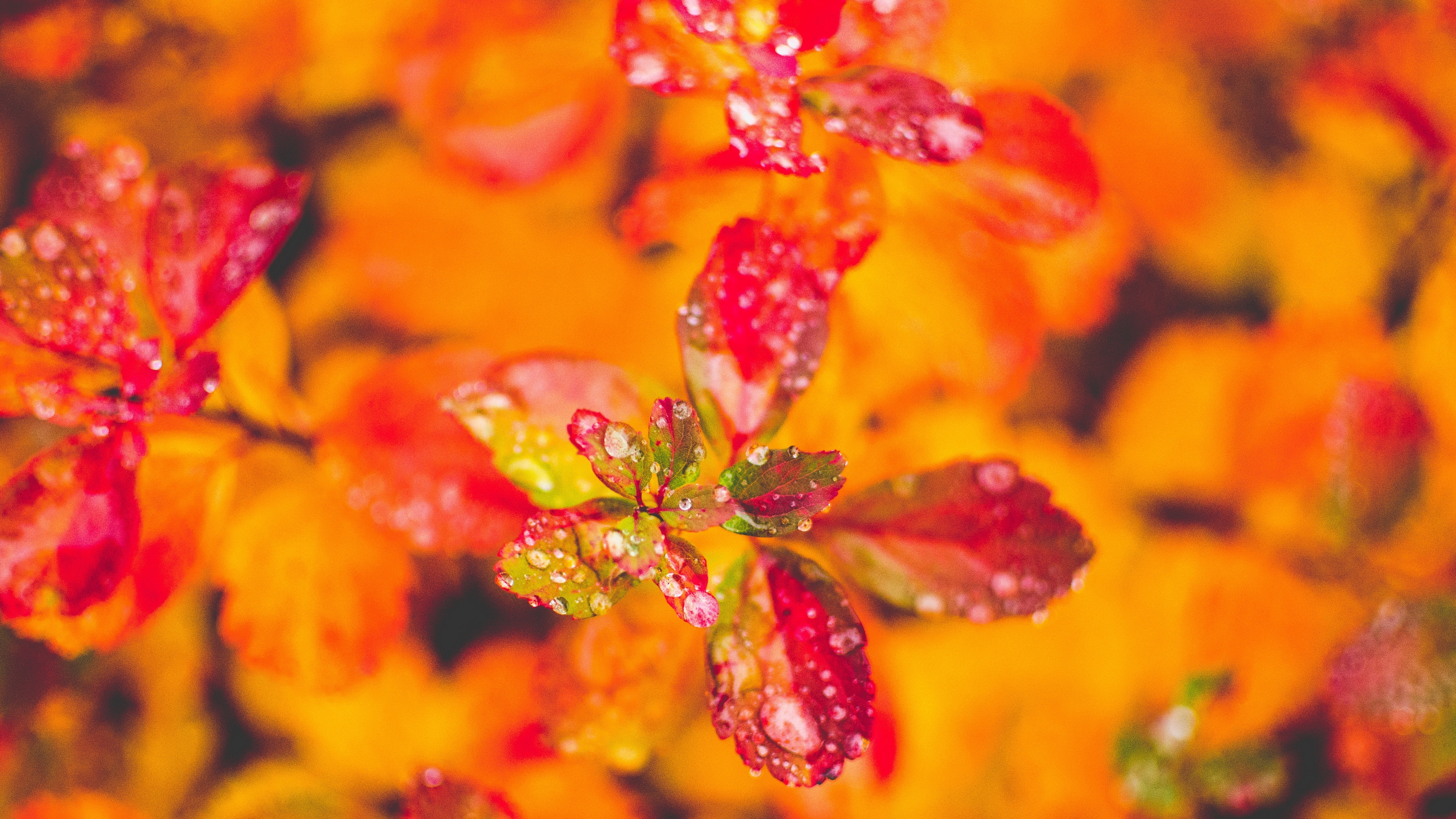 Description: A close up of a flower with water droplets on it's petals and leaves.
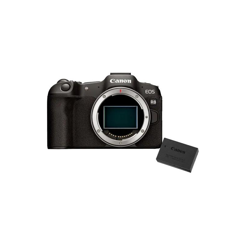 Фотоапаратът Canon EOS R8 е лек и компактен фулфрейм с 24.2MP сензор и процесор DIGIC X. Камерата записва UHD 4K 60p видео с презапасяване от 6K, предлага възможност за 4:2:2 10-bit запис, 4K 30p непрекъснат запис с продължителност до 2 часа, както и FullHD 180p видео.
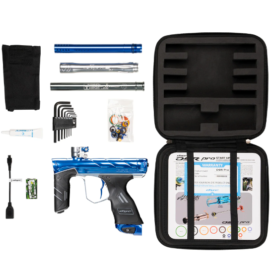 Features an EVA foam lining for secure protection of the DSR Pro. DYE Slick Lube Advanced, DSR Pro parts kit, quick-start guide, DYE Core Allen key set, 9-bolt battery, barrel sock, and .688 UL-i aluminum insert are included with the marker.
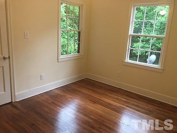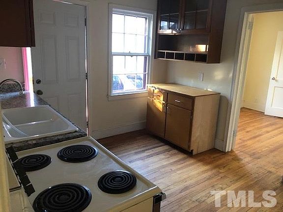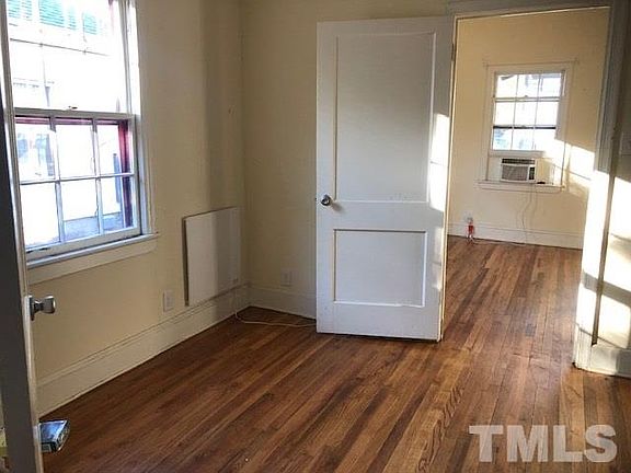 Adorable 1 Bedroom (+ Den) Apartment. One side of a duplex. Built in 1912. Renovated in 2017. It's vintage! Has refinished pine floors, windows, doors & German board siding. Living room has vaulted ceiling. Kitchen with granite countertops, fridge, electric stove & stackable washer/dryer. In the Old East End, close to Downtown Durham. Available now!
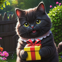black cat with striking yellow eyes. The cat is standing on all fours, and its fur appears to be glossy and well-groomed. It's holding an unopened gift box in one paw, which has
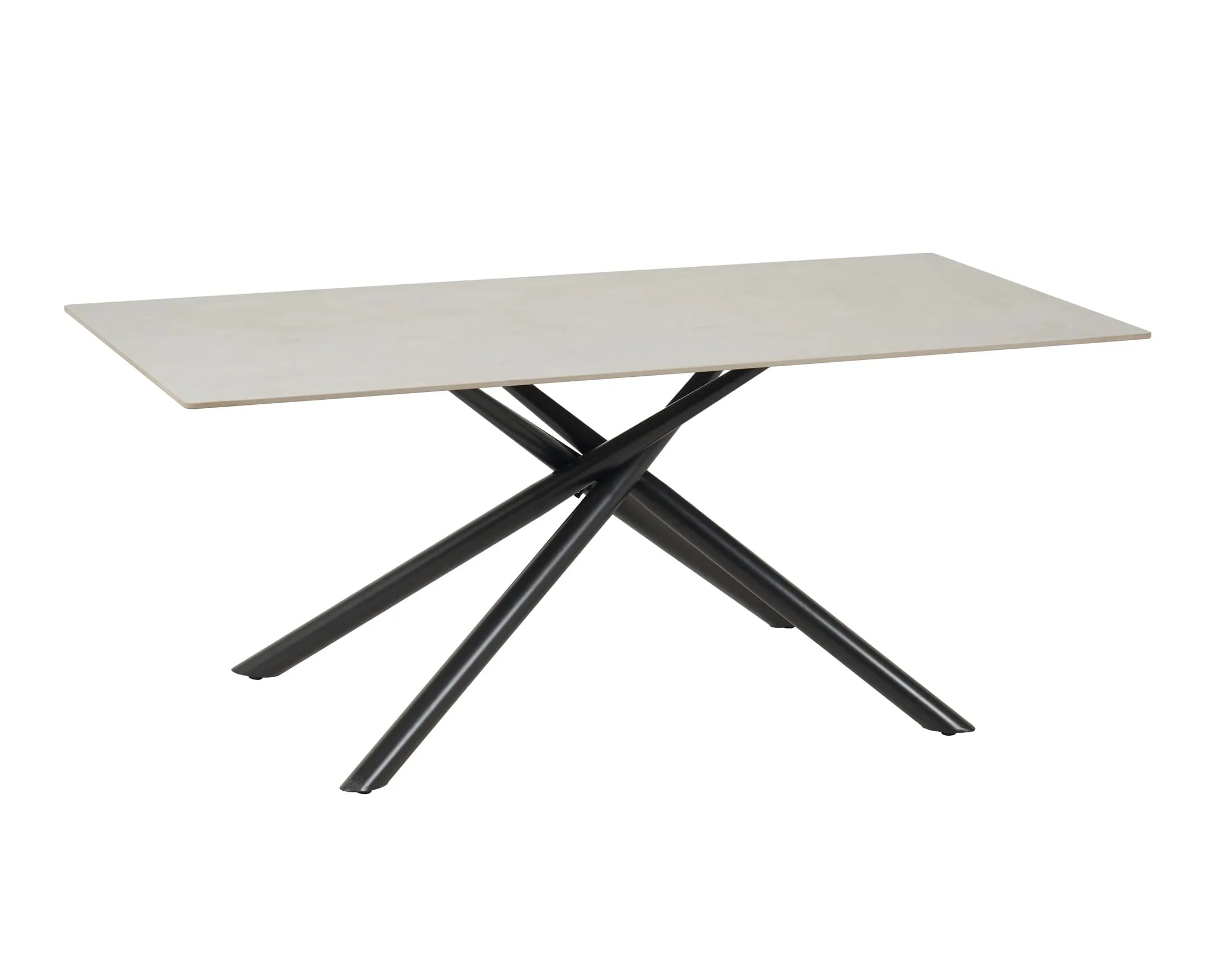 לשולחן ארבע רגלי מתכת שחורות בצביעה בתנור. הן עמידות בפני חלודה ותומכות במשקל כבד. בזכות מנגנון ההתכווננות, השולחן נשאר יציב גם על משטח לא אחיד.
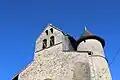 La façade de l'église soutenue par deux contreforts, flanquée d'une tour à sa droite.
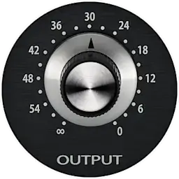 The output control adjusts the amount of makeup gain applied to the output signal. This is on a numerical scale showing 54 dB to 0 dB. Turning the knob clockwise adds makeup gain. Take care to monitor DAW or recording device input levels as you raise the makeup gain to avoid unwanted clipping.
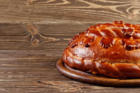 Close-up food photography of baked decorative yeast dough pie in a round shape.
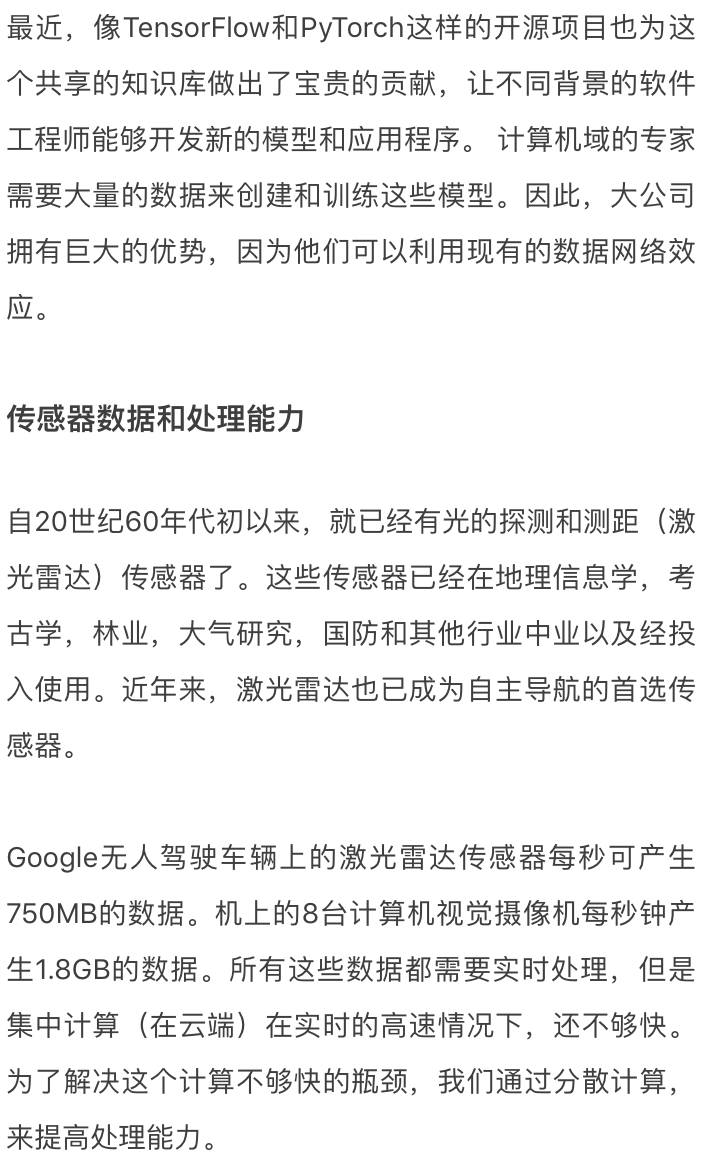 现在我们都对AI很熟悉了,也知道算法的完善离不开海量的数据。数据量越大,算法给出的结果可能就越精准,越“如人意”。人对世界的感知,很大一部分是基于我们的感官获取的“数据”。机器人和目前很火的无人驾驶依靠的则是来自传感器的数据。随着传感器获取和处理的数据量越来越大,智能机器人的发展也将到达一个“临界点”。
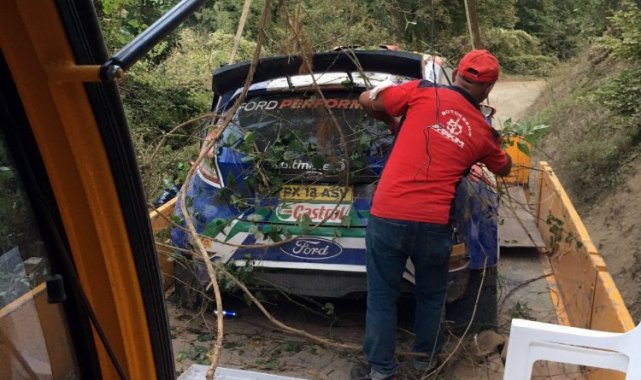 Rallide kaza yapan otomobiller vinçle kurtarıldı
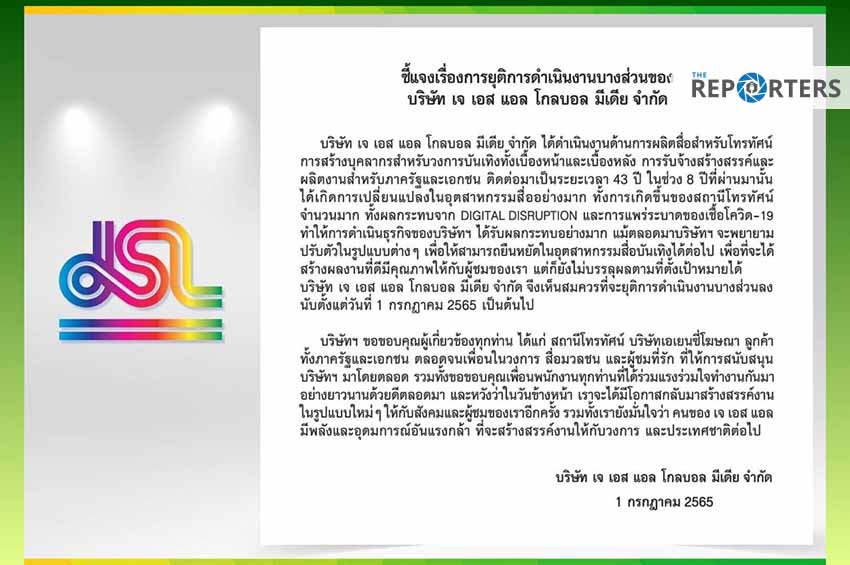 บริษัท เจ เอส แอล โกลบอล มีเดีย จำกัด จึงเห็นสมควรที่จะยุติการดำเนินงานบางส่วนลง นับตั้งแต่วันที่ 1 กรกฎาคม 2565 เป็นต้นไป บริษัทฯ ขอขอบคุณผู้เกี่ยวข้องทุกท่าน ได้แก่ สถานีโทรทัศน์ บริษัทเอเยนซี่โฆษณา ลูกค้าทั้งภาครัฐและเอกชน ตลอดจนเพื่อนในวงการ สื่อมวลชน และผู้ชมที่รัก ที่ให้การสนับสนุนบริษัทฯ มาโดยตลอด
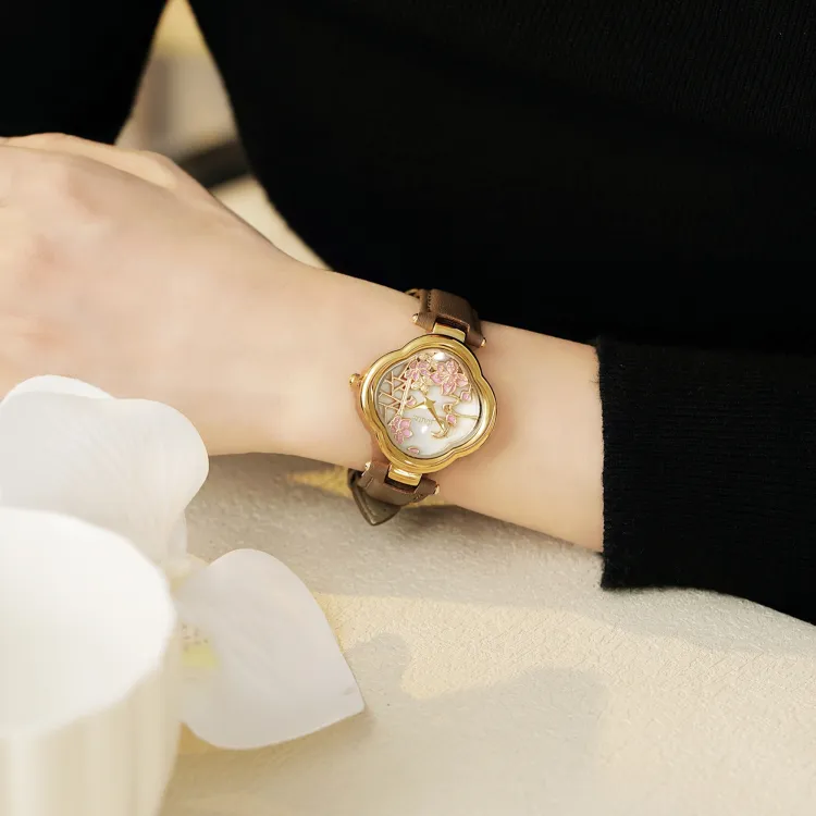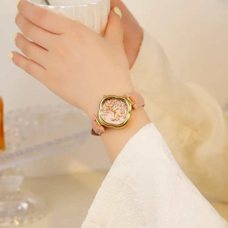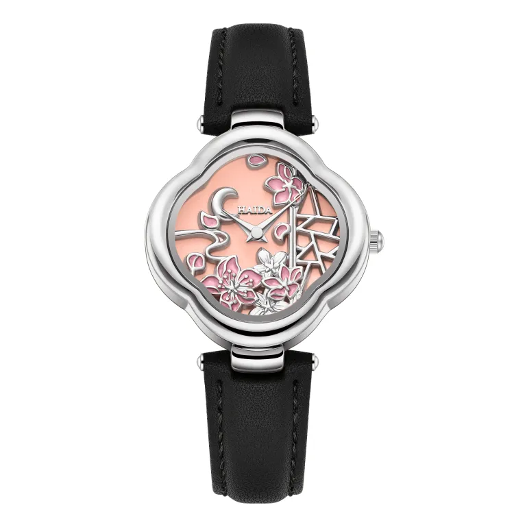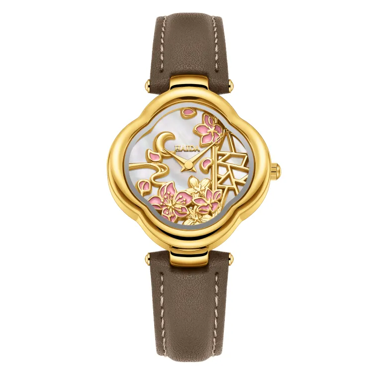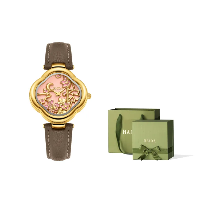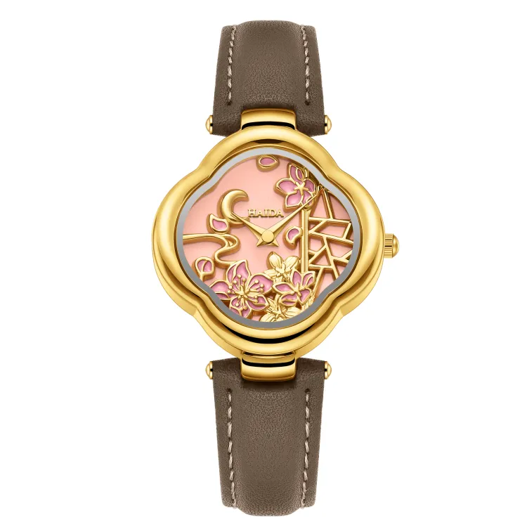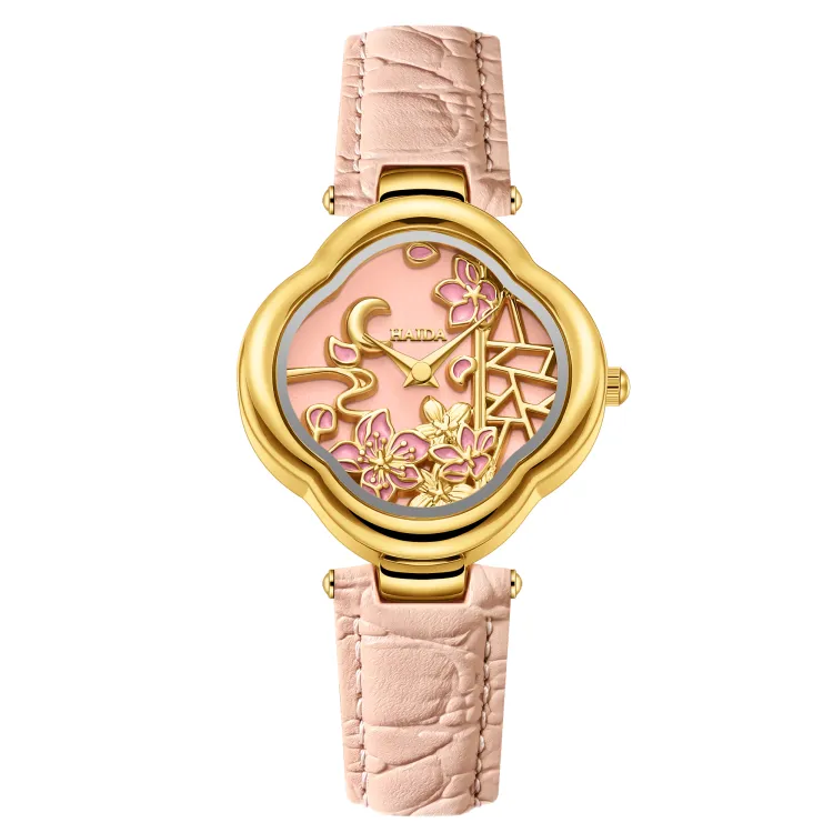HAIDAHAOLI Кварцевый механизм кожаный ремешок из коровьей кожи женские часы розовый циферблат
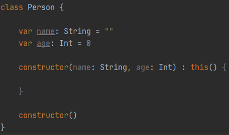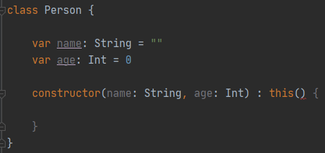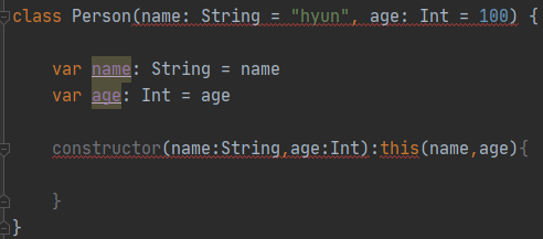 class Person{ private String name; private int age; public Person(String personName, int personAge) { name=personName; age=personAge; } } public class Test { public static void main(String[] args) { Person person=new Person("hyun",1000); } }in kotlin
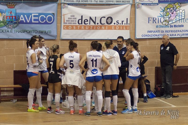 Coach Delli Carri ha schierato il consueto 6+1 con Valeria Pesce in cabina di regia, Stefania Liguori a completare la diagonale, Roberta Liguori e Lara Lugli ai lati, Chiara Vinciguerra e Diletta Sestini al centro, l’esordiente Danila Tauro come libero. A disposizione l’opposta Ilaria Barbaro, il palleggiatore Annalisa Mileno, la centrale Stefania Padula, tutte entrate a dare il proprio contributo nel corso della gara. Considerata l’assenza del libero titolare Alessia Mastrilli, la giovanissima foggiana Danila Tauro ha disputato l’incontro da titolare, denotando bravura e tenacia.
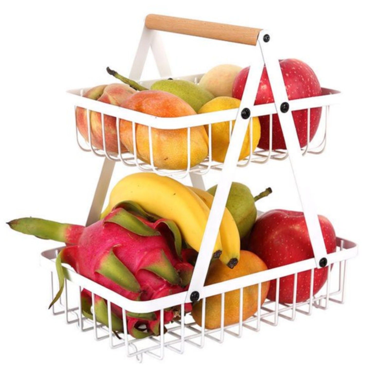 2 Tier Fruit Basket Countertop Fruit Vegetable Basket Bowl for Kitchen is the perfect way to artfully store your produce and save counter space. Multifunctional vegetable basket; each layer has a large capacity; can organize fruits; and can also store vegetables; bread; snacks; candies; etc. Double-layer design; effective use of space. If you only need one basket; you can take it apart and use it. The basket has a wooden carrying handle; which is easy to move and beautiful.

════════════════════

Here the job is to copy the listing above word for word, starting at the line with "Adorable 1 Bedroom" and ending at the line with "HAIDAHAOLI Кварцевый механизм", and to leave out the pictures.

 Adorable 1 Bedroom (+ Den) Apartment. One side of a duplex. Built in 1912. Renovated in 2017. It's vintage! Has refinished pine floors, windows, doors & German board siding. Living room has vaulted ceiling. Kitchen with granite countertops, fridge, electric stove & stackable washer/dryer. In the Old East End, close to Downtown Durham. Available now!
black cat with striking yellow eyes. The cat is standing on all fours, and its fur appears to be glossy and well-groomed. It's holding an unopened gift box in one paw, which has
 לשולחן ארבע רגלי מתכת שחורות בצביעה בתנור. הן עמידות בפני חלודה ותומכות במשקל כבד. בזכות מנגנון ההתכווננות, השולחן נשאר יציב גם על משטח לא אחיד.
 La façade de l'église soutenue par deux contreforts, flanquée d'une tour à sa droite.
 The output control adjusts the amount of makeup gain applied to the output signal. This is on a numerical scale showing 54 dB to 0 dB. Turning the knob clockwise adds makeup gain. Take care to monitor DAW or recording device input levels as you raise the makeup gain to avoid unwanted clipping.
 Close-up food photography of baked decorative yeast dough pie in a round shape.
 现在我们都对AI很熟悉了,也知道算法的完善离不开海量的数据。数据量越大,算法给出的结果可能就越精准,越“如人意”。人对世界的感知,很大一部分是基于我们的感官获取的“数据”。机器人和目前很火的无人驾驶依靠的则是来自传感器的数据。随着传感器获取和处理的数据量越来越大,智能机器人的发展也将到达一个“临界点”。
 Rallide kaza yapan otomobiller vinçle kurtarıldı
 บริษัท เจ เอส แอล โกลบอล มีเดีย จำกัด จึงเห็นสมควรที่จะยุติการดำเนินงานบางส่วนลง นับตั้งแต่วันที่ 1 กรกฎาคม 2565 เป็นต้นไป บริษัทฯ ขอขอบคุณผู้เกี่ยวข้องทุกท่าน ได้แก่ สถานีโทรทัศน์ บริษัทเอเยนซี่โฆษณา ลูกค้าทั้งภาครัฐและเอกชน ตลอดจนเพื่อนในวงการ สื่อมวลชน และผู้ชมที่รัก ที่ให้การสนับสนุนบริษัทฯ มาโดยตลอด
HAIDAHAOLI Кварцевый механизм кожаный ремешок из коровьей кожи женские часы розовый циферблат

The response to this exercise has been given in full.